Sucedem-se vários atores no entrecho parlamentar. À batida da claquete, os protagonistas mostram desenvoltura na encenação de um enredo repetitório: provectos e buliçosos, teimam em olvidar o propósito da respectiva representação popular, qual seja a defesa da coisa pública.

A impressão reinante sugere que o ponto amalgamador da atividade no parlamento se resume ao anseio dos deputados e senadores na perpetuação das respectivas esferas individuais de poder. O aparelhamento da máquina pública com a ocupação de cargos estratégicos e a captação de recursos para financiamento político parece ser o norte na atividade cotidiana dos representantes eleitos. A res publica é relegada à condição de mero artifício retórico para a defesa de interesses eminentemente privados.
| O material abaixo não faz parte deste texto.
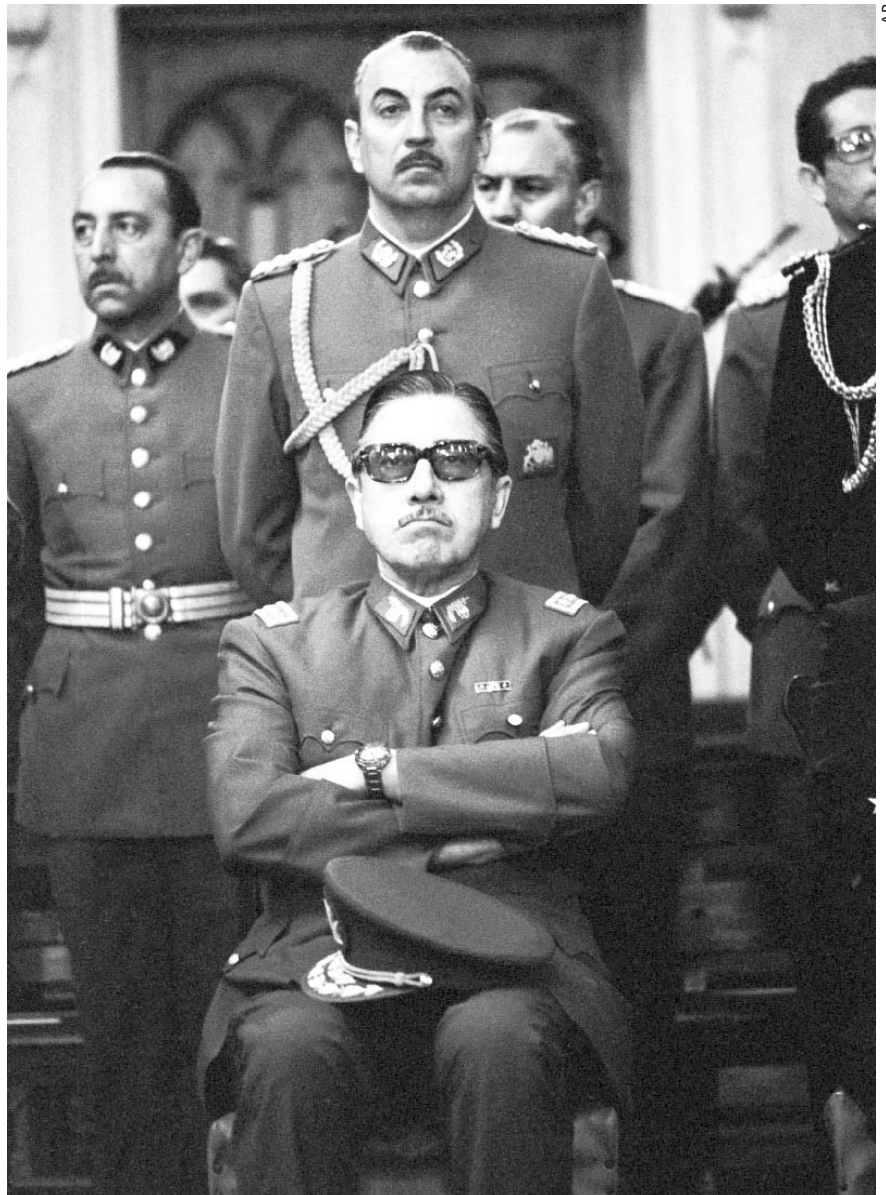
En 1973, el general Augusto Pinochet, con el apoyo de los Estados Unidos, derrocó el gobierno chileno del socialista Salvador Allende, quien se suicidó durante el bombardeo de la Moneda.

externos (internacionales). Simples porque el procedimiento general es una solución de negociaciones tomada en el vértice, por las direcciones de los partidos políticos, eventualmente de las organizaciones representativas de intereses (sean de masas, como los sindicatos obreros, o más restrictivas, pero también más poderosas, como las de la burguesía), y las conducciones militares. En tales salidas, las masas — pese a su importante papel en las luchas antidictatoriales— son marginadas. Es decir, la lógica de las transiciones es igual o similar, pero la historia de cada una de ellas es diferente e, incluso, específica.

O mandato, meio para a realização dos anseios do povo, transmuda-se, convertendo-se na finalidade última de um projeto pessoal de poder.

A generalização das denúncias, que tangenciam uns poucos deputados e senadores, sugere um severo esgarçamento do modelo democrático atual. Chegará o dia em que o eleitorado indagará: se é essa a "representação" exercida, qual a razão de termos representantes eleitos? Os cidadãos, cônscios da soberania da vontade do povo - hoje auscultada em dispendiosas pesquisas de opinião - exigirá a retomada da prerrogativa de nortear diretamente as ações do Poder Executivo, evitando a perfídia representativa que há tempos é recorrente na atividade parlamentar.

A democracia em seu formato original, segundo o modelo helênico, prescindia da mediação de representantes. Na ágora, o povo se reunia em assembléia para deliberar sobre os assuntos da cidade. A vontade era verbalizada, norteando o agir dos dirigentes. O povo se fazia ouvir e impunha ações que viessem verdadeiramente em benefício da comunidade.

Diz-se que a democracia direta se perdeu em virtude da explosão demográfica, com a consequente impossibilidade de reunião física dos concidadãos em um único espaço. Eis que restou criado o cenário propício ao surgimento da figura já rota da democracia indireta: a vontade do povo passaria a sofrer a mediação de sujeitos cuidadosamente escolhidos para a defesa do interesse comum.

Enquanto os nossos parlamentares teimam em esquecer o fim precípuo da representação, legitimada apenas pela atuação em favor do eleitorado, penso que as perspectivas tecnológicas abrem uma curiosa possibilidade de depuração do modelo político presente: o retorno à democracia dos antigos.

Se os atuais ocupantes de mandatos parlamentares não se impuserem uma urgente revisão dos padrões usuais de conduta, permitirão a iminente instauração de um modelo inovador de participação direta dos cidadãos nas decisões políticas do país. Mantido o curso dos acontecimentos, chegará o dia em que deputados e senadores serão apeados dos seus cobiçados cargos, por pressão popular, instalando-se uma versão neodemocrática de participação: uma imensa ágora cibernética, acessível a todos. Com as vantagens da economia de recursos e da certeza da prevalência da vontade comunitária, o espaço prescindiria da mediação daqueles que, a pretexto do exercício de uma representação, amesquinham o parlamento ao advogar primacialmente os seus próprios interesses. Teríamos, com isso, a inarredável certeza de que o bem comum voltaria a ser o escopo último da atividade política.